Petition seeks to change new Kentucky law limiting teacher-student communication
Published in News & Features
LEXINGTON, Ky. — Confusion over a new state law banning personal electronic communication between public school employees and students has created multiple repercussions for high school sports teams this summer.
Senate Bill 181, aimed at preventing inappropriate sexual communication involving public school staff and students, earned unanimous support from the Legislature last session, was signed by the governor and took effect June 27. The law requires school staff and volunteers to communicate with students only via traceable forms of communication, such as school emails or a school-approved and monitored app unless explicit consent from a parent is placed on file with their school.
But criticism of the law flooded social media as soon as school districts began informing employees and families about its restrictions. And the ramifications of the well-intentioned rules began to be felt in mid-July as high school sports teams and other groups, including marching bands, started practices.

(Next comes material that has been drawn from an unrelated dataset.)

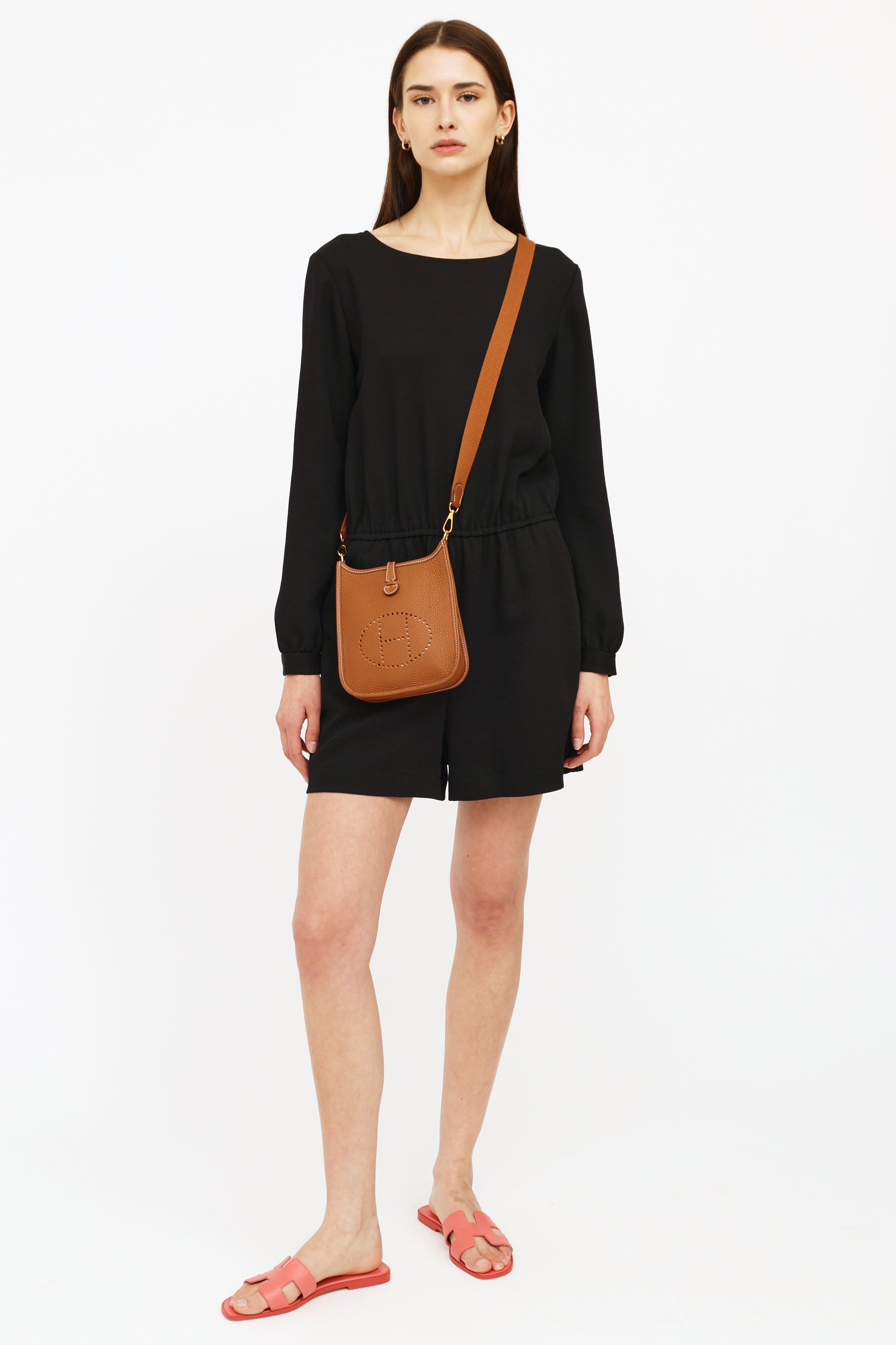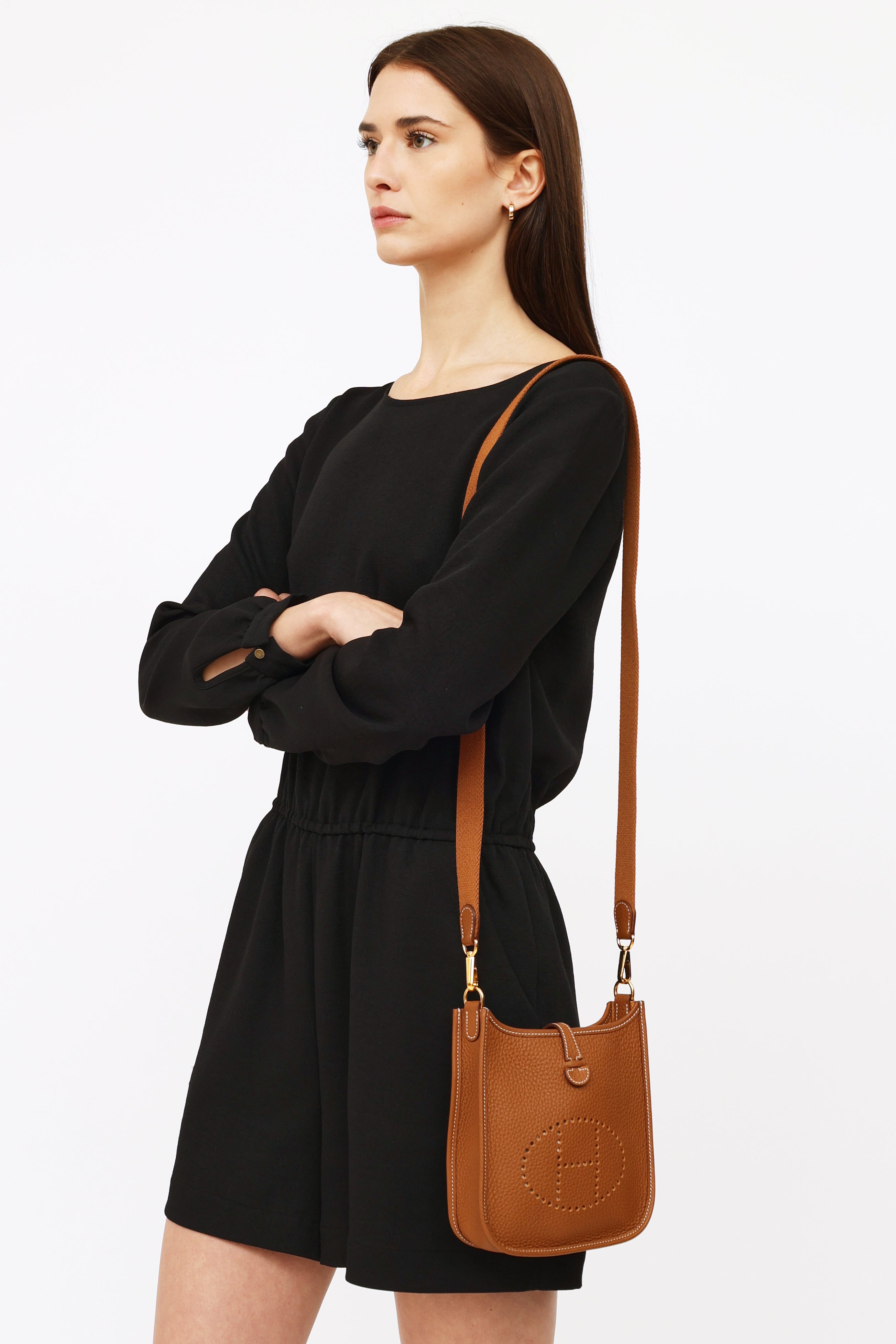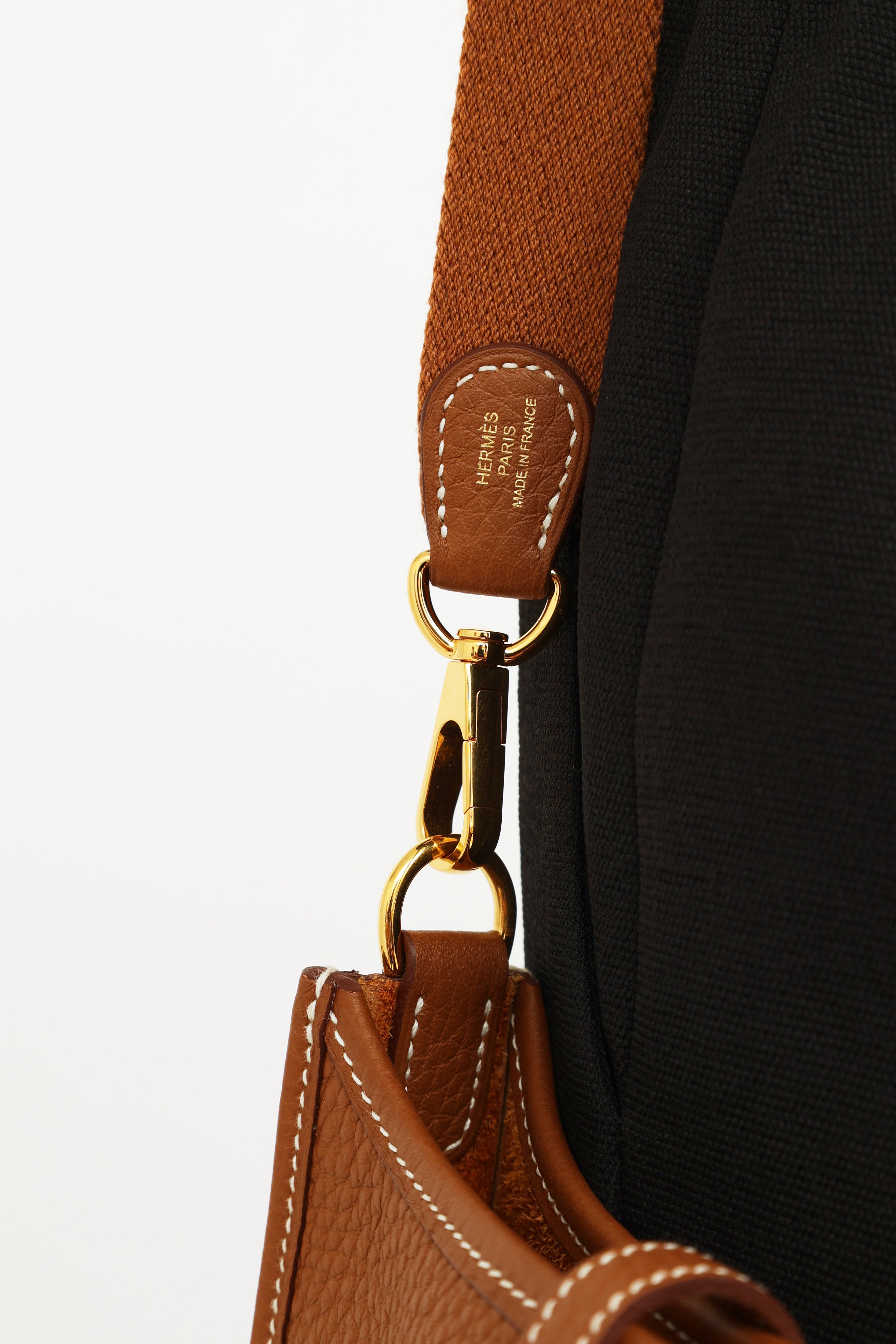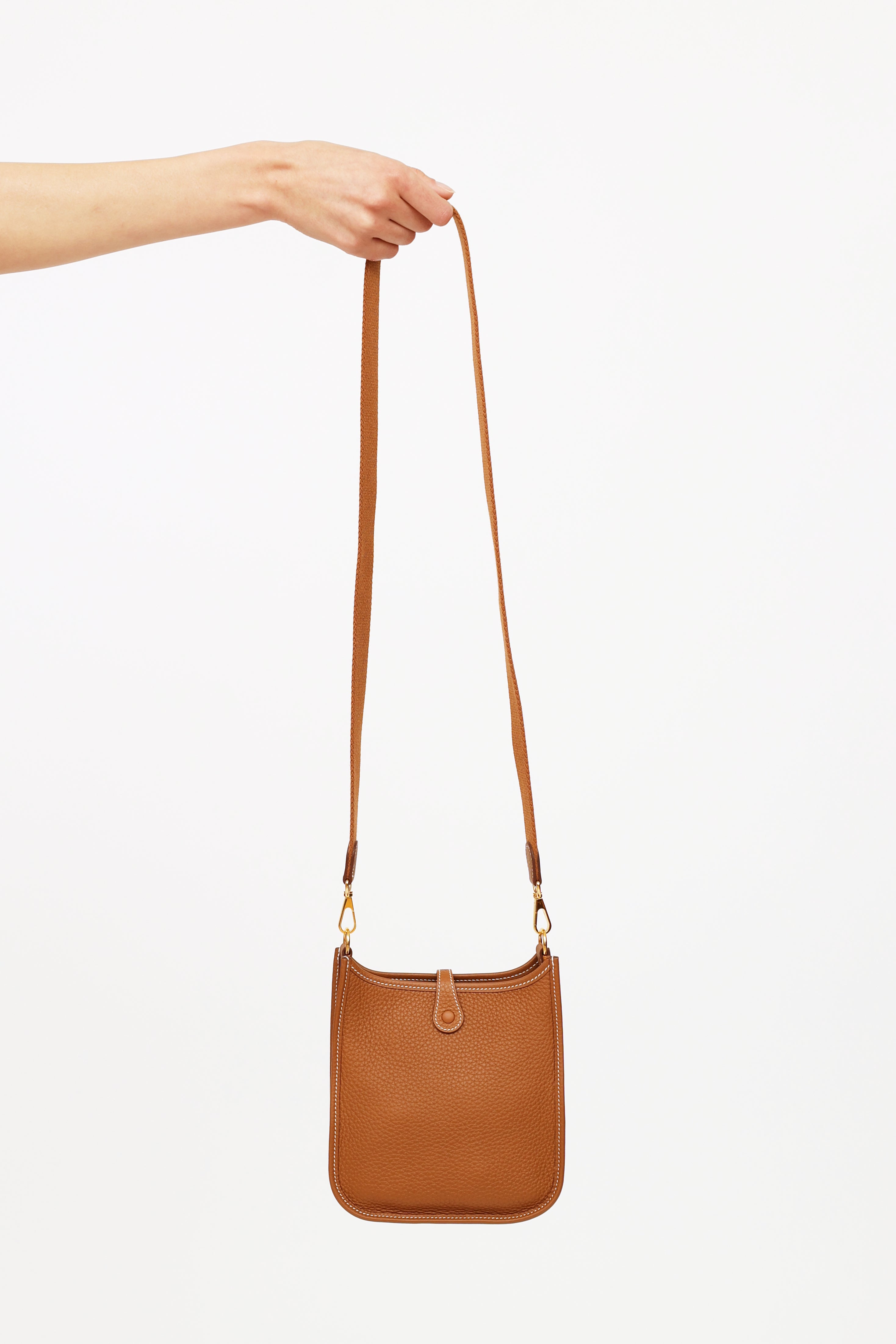 Pre-owned Hermès mini Evelyne Clemence TPM 16 shoulder bag in Gold featuring perforated H logo at front, Clemence leather, snap button top strap closure, gold-tone hardware, solid webbing strap. One main unlined compartment. Purchased in 2022. U stamp.

Many school districts, including Fayette County, will not have a state-mandated communications app in place until early to mid-August, too late for messages about July tryouts and practices.
And, until last week, there was little illumination from the state for public schools and parents about the law’s stipulations and ways parents can provide consent for teachers and coaches to communicate with students outside official emails and apps. Private schools have no restrictions on teacher and student communication.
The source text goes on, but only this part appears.